Question

A battery with EMF 90.0 V has internal resistance R_b = 9.10 Ohm. What is the reading V_v of a voltmeter having total resistance R_v = 470 Ohm when it is placed across the terminals of the battery? Express your answer with three significant figures. What is the maximum value that the ratio R_b/R_v may have if the percent error in the reading of the EMF of a battery is not to exceed 3.50%? Express your answer with three significant figures.

Answer 1

Part A :The voltmeter reads the voltage which is equal to the voltage drop across the resistance R_v

V_v = I R_v   ------------------(1)

here "I" is the current in the circuit

Equivalent resistance of the circuit is

R_eq = R_b + R_v   ( R_b , R_v are in series )

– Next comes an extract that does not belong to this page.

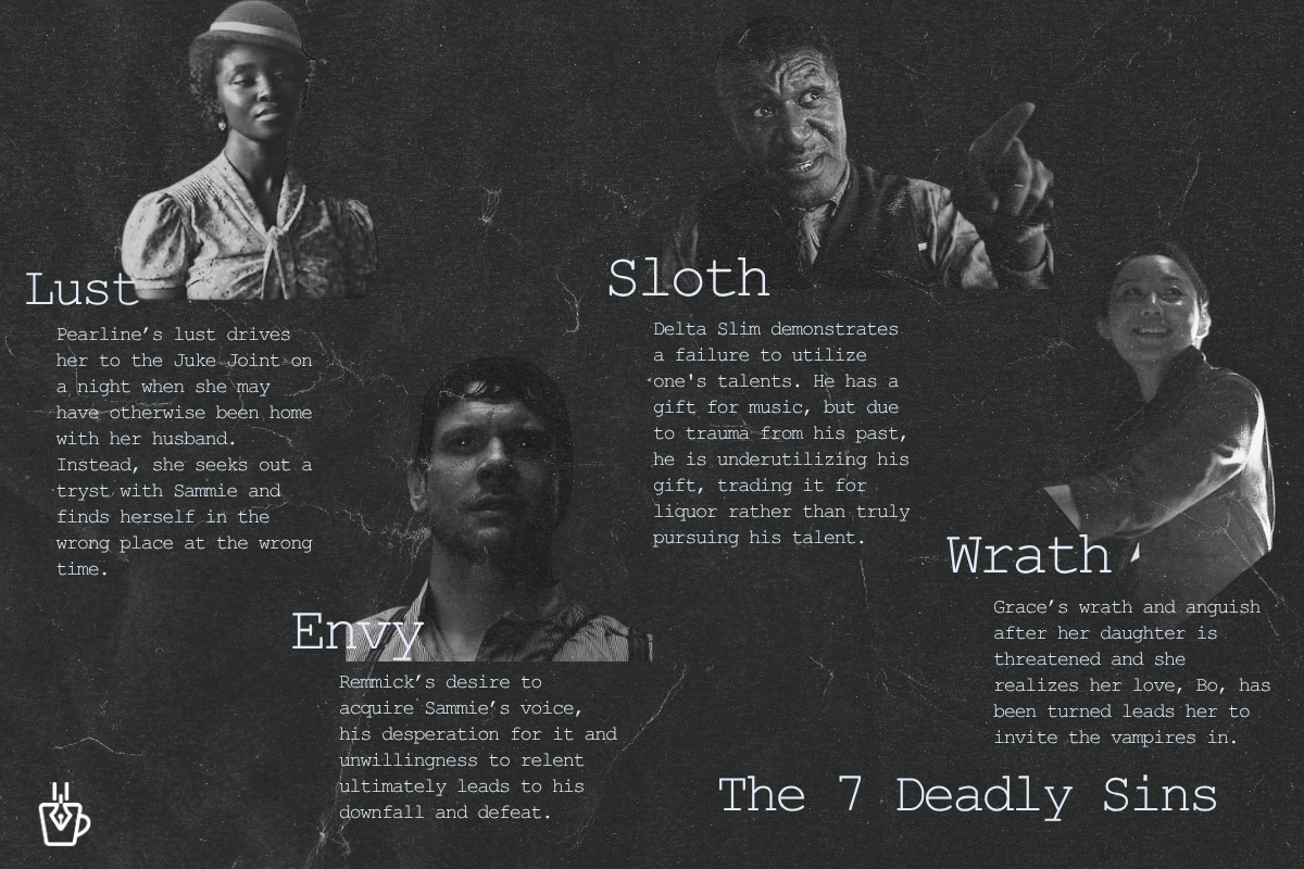 Aside from illuminating the religious spectrum that often goes unacknowledged in Black communities, Sinners also uses the seven deadly sins to illustrate the arc of each character. Pride, said to be the root of all other sins, is the starting point for the story — the sin that both Smoke and Stack are guilty of.

R_eq = (9.10 $\Omega$ + 470 $\Omega$ ) = 479.10 $\Omega$ .

Now the current in the circuit is I = EMF / (R_eq)

I = 90.0 V / ( 479.10 $\Omega$)

I = 0.1879 A.

now from (1) substituting all values we get

V_v = ( 0.1879 A ) ( 470 $\Omega$ )

V_v = 88.31 V

Part B : Percent error of the reading of the EMF of a battery is

E = (V - V_v ) / V { E= Error , V =EMF = I ( R_b + R_v ) and V_v = I R_v }

E = [ I ( R_b + R_v ) -  I R_v ] / [ I ( R_b + R_v )]

E = [ R_b / (R_b + R_v ) ]

R_b E + R_v E = R_b

R_b (1-E) = E R_v

R_b / R_v = E / (1-E)

(R_b / R_v)_max  = 0.036